Tylko umarli wiedzą to druga część kryminałów retro z Antonim Fischerem. Akcja w tej części przenosi się w większości do międzywojennej Piły. Europa przechodzi głęboki kryzys ekonomiczny. W roku 1932 przed wizytą Adolfa Hitlera w Pile, miastem wstrząsa seria morderstw na działaczach partii komunistycznej. Morderstwa wskazują na polityczne porachunki pomiędzy komunistami i nacjonalistami. Co łączy morderstwo sprzed lat z zabójstwami komunistów? I z jaką misją do Piły przyjeżdża Antoni Fischer?
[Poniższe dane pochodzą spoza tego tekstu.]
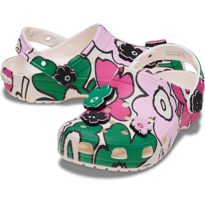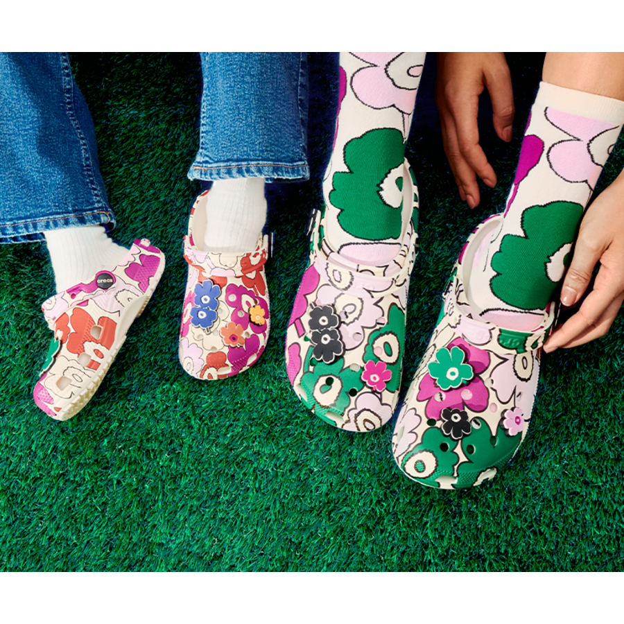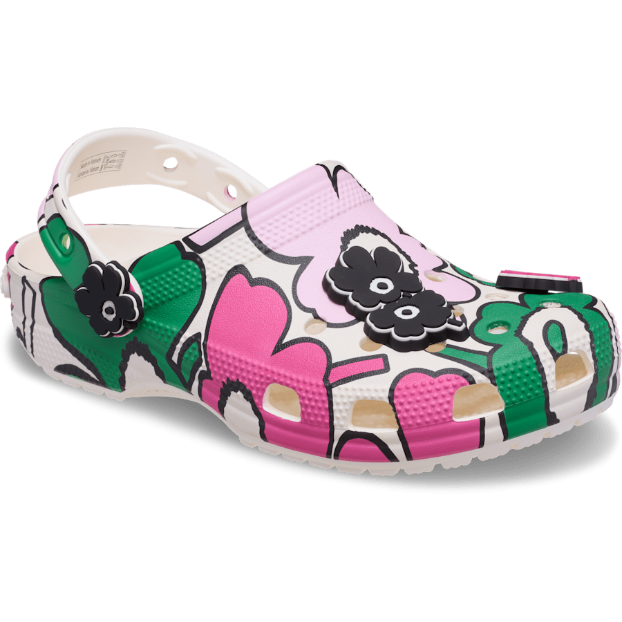 The Marimekko x Crthtocs Classic Clog features a blossoming Unikko floral print created by Maija Isola in 1964. A lively assortment of limited-edition Jibbitz™ add petaled personalization with Unikko flower rivets for extra charm. Sink-in cushioning and breezy ventilation make this spring style a breath of fresh air.

Ryszard Ćwirlej w swojej powieści łączy tło historyczne z fikcją literacką i bardzo dobrze mu to wychodzi. Mimo, że na co dzień wolę czytać kryminały osadzone we współczesnych realiach, to jednak ten retro kryminał dobrze się czytało. Na początku miałam lekkie obawy, ponieważ pierwsza część cyklu z Antonim Fischerem Tam Ci będzie lepiej nie do końca przypadła mi do gustu i trochę się w niej pogubiłam. Uważam, że druga część jest zdecydowanie lepsza, autor wyjaśnia też kilka wątków z poprzedniej książki, a także krótko przypomina to, co działo się w poprzednim tomie. W powieści Ćwirleja mamy do czynienia z warstwą i polityczną, i społeczną. Uważam, że jest to bardzo dobra powieść z mocnymi wątkami kryminalnymi, ale też obyczajowymi, lecz nie nazwałabym książki pełnokrwistym kryminałem.
Tylko umarli wiedzą to bez wątpienia wielowątkowa przygoda, bardzo dużo bohaterów zarówno starych z poprzedniej części, jak i zupełnie nowych. Według mnie, może trochę za dużo postaci jak na jedną część, jednak nie jest to przeszkoda, która w jakiś sposób ujmuje książce. Powieść czyta się bardzo dobrze i szybko, język jest charakterystyczny dla autora. Jestem fanką książek o milicjantach z Poznania, ale w takim wydaniu jak kryminał retro Ryszard Ćwirlej także spisał się bardzo dobrze i tą częścią serii zostałam pozytywnie zaskoczona. Czekam na kolejną i mam nadzieję, że będzie jeszcze lepsza, a co najmniej tak dobra jak druga część.